── Data extract

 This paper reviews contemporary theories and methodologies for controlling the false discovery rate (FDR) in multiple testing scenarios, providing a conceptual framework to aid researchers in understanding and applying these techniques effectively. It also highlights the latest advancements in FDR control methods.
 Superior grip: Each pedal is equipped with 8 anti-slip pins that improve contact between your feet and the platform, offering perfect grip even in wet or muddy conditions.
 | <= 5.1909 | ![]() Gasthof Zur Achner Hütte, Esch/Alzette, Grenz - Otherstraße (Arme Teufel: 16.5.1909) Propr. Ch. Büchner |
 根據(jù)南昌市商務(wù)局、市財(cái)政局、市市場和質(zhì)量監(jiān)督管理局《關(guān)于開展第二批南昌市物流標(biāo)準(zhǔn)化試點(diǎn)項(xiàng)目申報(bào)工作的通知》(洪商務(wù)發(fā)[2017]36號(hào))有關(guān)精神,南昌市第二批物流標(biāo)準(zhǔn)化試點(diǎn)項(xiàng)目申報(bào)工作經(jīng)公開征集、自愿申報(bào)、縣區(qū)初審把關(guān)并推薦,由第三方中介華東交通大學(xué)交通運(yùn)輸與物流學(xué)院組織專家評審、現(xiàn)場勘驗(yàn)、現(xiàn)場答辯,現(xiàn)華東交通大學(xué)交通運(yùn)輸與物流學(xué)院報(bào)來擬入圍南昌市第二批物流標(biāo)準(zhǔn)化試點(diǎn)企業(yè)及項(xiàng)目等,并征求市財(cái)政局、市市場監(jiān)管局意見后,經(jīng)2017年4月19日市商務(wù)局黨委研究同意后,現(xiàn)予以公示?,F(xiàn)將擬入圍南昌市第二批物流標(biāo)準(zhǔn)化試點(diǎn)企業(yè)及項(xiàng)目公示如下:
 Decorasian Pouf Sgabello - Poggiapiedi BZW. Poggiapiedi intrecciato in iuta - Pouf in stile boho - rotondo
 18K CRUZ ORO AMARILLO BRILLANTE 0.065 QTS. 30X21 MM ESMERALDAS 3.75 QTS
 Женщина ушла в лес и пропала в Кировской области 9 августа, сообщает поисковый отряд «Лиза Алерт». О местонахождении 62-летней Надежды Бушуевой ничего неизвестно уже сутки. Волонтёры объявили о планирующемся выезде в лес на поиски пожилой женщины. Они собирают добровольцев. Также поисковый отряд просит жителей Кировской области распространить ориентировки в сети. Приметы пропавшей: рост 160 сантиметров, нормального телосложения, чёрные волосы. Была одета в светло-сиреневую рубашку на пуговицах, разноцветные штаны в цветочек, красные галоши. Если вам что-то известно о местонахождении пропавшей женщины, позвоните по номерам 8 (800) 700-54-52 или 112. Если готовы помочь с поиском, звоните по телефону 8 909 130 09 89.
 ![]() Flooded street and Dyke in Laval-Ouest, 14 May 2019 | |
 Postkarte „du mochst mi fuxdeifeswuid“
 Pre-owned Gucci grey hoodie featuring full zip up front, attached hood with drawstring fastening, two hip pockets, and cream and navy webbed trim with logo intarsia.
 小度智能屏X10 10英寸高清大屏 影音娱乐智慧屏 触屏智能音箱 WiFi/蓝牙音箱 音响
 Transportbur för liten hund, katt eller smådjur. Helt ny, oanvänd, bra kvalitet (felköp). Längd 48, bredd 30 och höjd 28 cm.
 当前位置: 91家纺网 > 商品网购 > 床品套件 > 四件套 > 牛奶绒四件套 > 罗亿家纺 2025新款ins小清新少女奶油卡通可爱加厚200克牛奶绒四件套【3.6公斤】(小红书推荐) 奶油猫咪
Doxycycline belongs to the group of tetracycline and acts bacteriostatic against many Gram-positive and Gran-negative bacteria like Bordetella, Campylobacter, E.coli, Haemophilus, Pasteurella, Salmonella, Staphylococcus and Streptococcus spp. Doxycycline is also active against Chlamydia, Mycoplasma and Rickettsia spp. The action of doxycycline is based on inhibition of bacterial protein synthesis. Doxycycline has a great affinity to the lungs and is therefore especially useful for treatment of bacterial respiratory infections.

────

### Work item
Could you retype all of the records above exactly as they appear?

### Exercise answer
 This paper reviews contemporary theories and methodologies for controlling the false discovery rate (FDR) in multiple testing scenarios, providing a conceptual framework to aid researchers in understanding and applying these techniques effectively. It also highlights the latest advancements in FDR control methods.
 Superior grip: Each pedal is equipped with 8 anti-slip pins that improve contact between your feet and the platform, offering perfect grip even in wet or muddy conditions.
 | <= 5.1909 | ![]() Gasthof Zur Achner Hütte, Esch/Alzette, Grenz - Otherstraße (Arme Teufel: 16.5.1909) Propr. Ch. Büchner |
 根據(jù)南昌市商務(wù)局、市財(cái)政局、市市場和質(zhì)量監(jiān)督管理局《關(guān)于開展第二批南昌市物流標(biāo)準(zhǔn)化試點(diǎn)項(xiàng)目申報(bào)工作的通知》(洪商務(wù)發(fā)[2017]36號(hào))有關(guān)精神,南昌市第二批物流標(biāo)準(zhǔn)化試點(diǎn)項(xiàng)目申報(bào)工作經(jīng)公開征集、自愿申報(bào)、縣區(qū)初審把關(guān)并推薦,由第三方中介華東交通大學(xué)交通運(yùn)輸與物流學(xué)院組織專家評審、現(xiàn)場勘驗(yàn)、現(xiàn)場答辯,現(xiàn)華東交通大學(xué)交通運(yùn)輸與物流學(xué)院報(bào)來擬入圍南昌市第二批物流標(biāo)準(zhǔn)化試點(diǎn)企業(yè)及項(xiàng)目等,并征求市財(cái)政局、市市場監(jiān)管局意見后,經(jīng)2017年4月19日市商務(wù)局黨委研究同意后,現(xiàn)予以公示?,F(xiàn)將擬入圍南昌市第二批物流標(biāo)準(zhǔn)化試點(diǎn)企業(yè)及項(xiàng)目公示如下:
 Decorasian Pouf Sgabello - Poggiapiedi BZW. Poggiapiedi intrecciato in iuta - Pouf in stile boho - rotondo
 18K CRUZ ORO AMARILLO BRILLANTE 0.065 QTS. 30X21 MM ESMERALDAS 3.75 QTS
 Женщина ушла в лес и пропала в Кировской области 9 августа, сообщает поисковый отряд «Лиза Алерт». О местонахождении 62-летней Надежды Бушуевой ничего неизвестно уже сутки. Волонтёры объявили о планирующемся выезде в лес на поиски пожилой женщины. Они собирают добровольцев. Также поисковый отряд просит жителей Кировской области распространить ориентировки в сети. Приметы пропавшей: рост 160 сантиметров, нормального телосложения, чёрные волосы. Была одета в светло-сиреневую рубашку на пуговицах, разноцветные штаны в цветочек, красные галоши. Если вам что-то известно о местонахождении пропавшей женщины, позвоните по номерам 8 (800) 700-54-52 или 112. Если готовы помочь с поиском, звоните по телефону 8 909 130 09 89.
 ![]() Flooded street and Dyke in Laval-Ouest, 14 May 2019 | |
 Postkarte „du mochst mi fuxdeifeswuid“
 Pre-owned Gucci grey hoodie featuring full zip up front, attached hood with drawstring fastening, two hip pockets, and cream and navy webbed trim with logo intarsia.
 小度智能屏X10 10英寸高清大屏 影音娱乐智慧屏 触屏智能音箱 WiFi/蓝牙音箱 音响
 Transportbur för liten hund, katt eller smådjur. Helt ny, oanvänd, bra kvalitet (felköp). Längd 48, bredd 30 och höjd 28 cm.
 当前位置: 91家纺网 > 商品网购 > 床品套件 > 四件套 > 牛奶绒四件套 > 罗亿家纺 2025新款ins小清新少女奶油卡通可爱加厚200克牛奶绒四件套【3.6公斤】(小红书推荐) 奶油猫咪
Doxycycline belongs to the group of tetracycline and acts bacteriostatic against many Gram-positive and Gran-negative bacteria like Bordetella, Campylobacter, E.coli, Haemophilus, Pasteurella, Salmonella, Staphylococcus and Streptococcus spp. Doxycycline is also active against Chlamydia, Mycoplasma and Rickettsia spp. The action of doxycycline is based on inhibition of bacterial protein synthesis. Doxycycline has a great affinity to the lungs and is therefore especially useful for treatment of bacterial respiratory infections.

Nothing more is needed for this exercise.